La communauté de communes du Pays Foyen regroupe 20 communes et 16 500 hab. (22 000 ha); elle siège à Pineuilh, qui dépasse 2 000 hab. comme Sainte-Foy-la-Grande, et Port-Sainte-Foy-et-Ponchapt qui est en Dordogne.

Saint-Avit-Saint-Nazaire (1 540 Saint-Avirois, 1 861 ha dont 700 de vignes), à l’est de Sainte-Foy dans la plaine de la Dordogne, résulte d’une fusion de 1973; l’essentiel de l’habitat est à Saint-Avit au sud-ouest, Saint-Nazaire est un modeste hameau sur la rive de la Dordogne au nord. Au NO, le Port du Fleix est un hameau sur un étroit lobe de méandre de la Dordogne, avec un pont vers Le Fleix.

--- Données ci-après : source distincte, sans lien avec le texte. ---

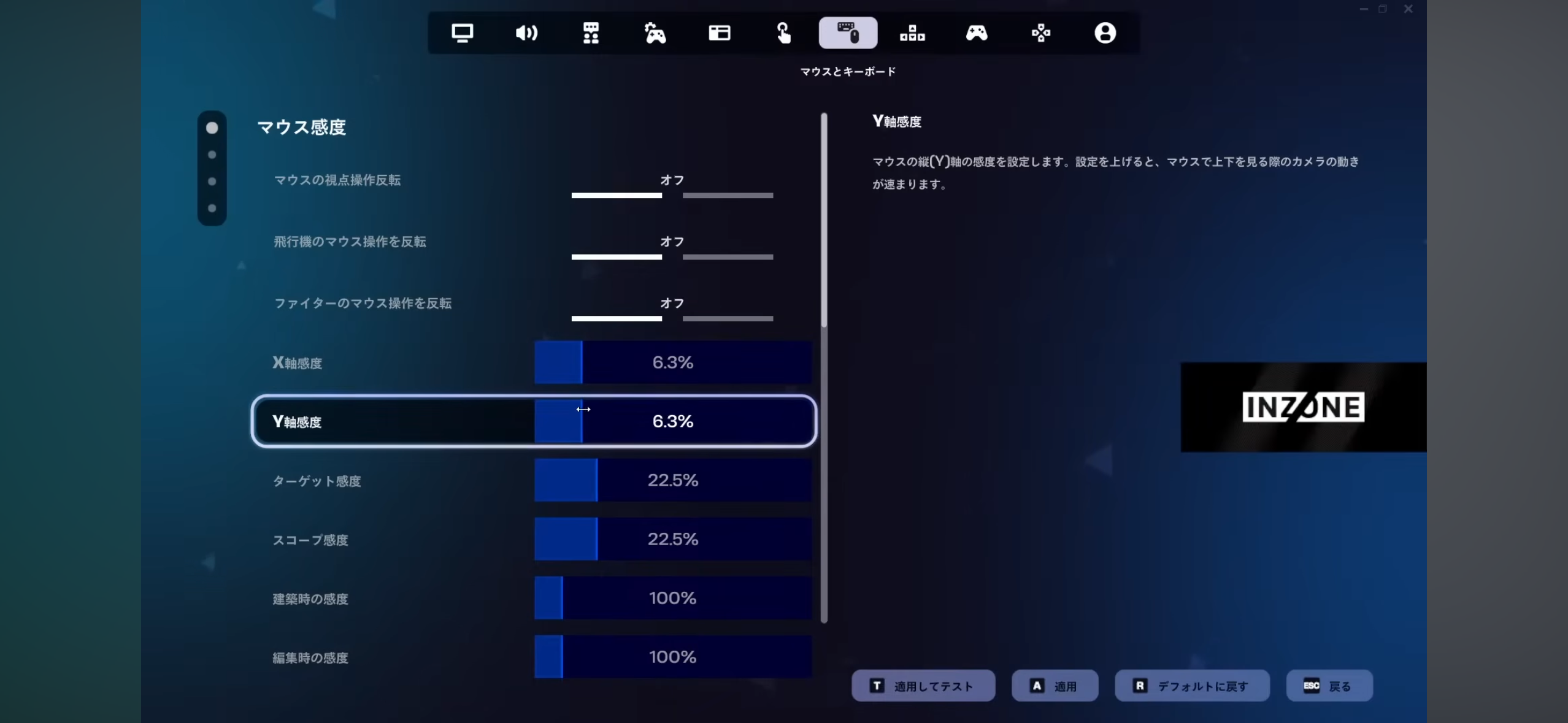 Y軸感度 6.0%

Au NE, Lartigue est un autre hameau proche de la Dordogne. La D936 et la voie ferrée vers Bergerac traversent le finage, qui s’arrête au sud au pied du relief et que borde à l’ouest le Seignal. À l’est, le finage s’arrête à la limite du département; négoce de matériel agricole (Thomas, 25 sal.).

Saint-Philippe-du-Seignal (490 Saint-Philippiens, 338 ha, dont 150 de vignes), 3 km SE de Sainte-Foy, est également limitrophe de la Dordogne le long du Seignal. Le village est dans la plaine au pied du coteau de Dordogne, le finage se partage entre plaine au nord, vallée du Seignal à l’est et reliefs au SO; +80 hab. depuis 1999.

Ligueux (180 Liguois, 505 ha), 8 km SSE de Sainte-Foy, étire son finage le long du Seignal, que suit la limite départementale; 180 ha de vignes.

Margueron (390 Margueronnais, 1 357 ha dont 262 de bois), 10 km SSE de Sainte-Foy, est limitrophe du département de la Dordogne sur trois côtés, dont à l’est le long du Seignal. Le village est sur la D708; plusieurs châteaux et moulins à vent; 520 ha de vignes et un centre de vacances.

La Roquille (340 Roquillois, 651 ha), 6 km au sud de Sainte-Foy, éparpille ses maisons aux abords de la D708; 125 ha de vignes.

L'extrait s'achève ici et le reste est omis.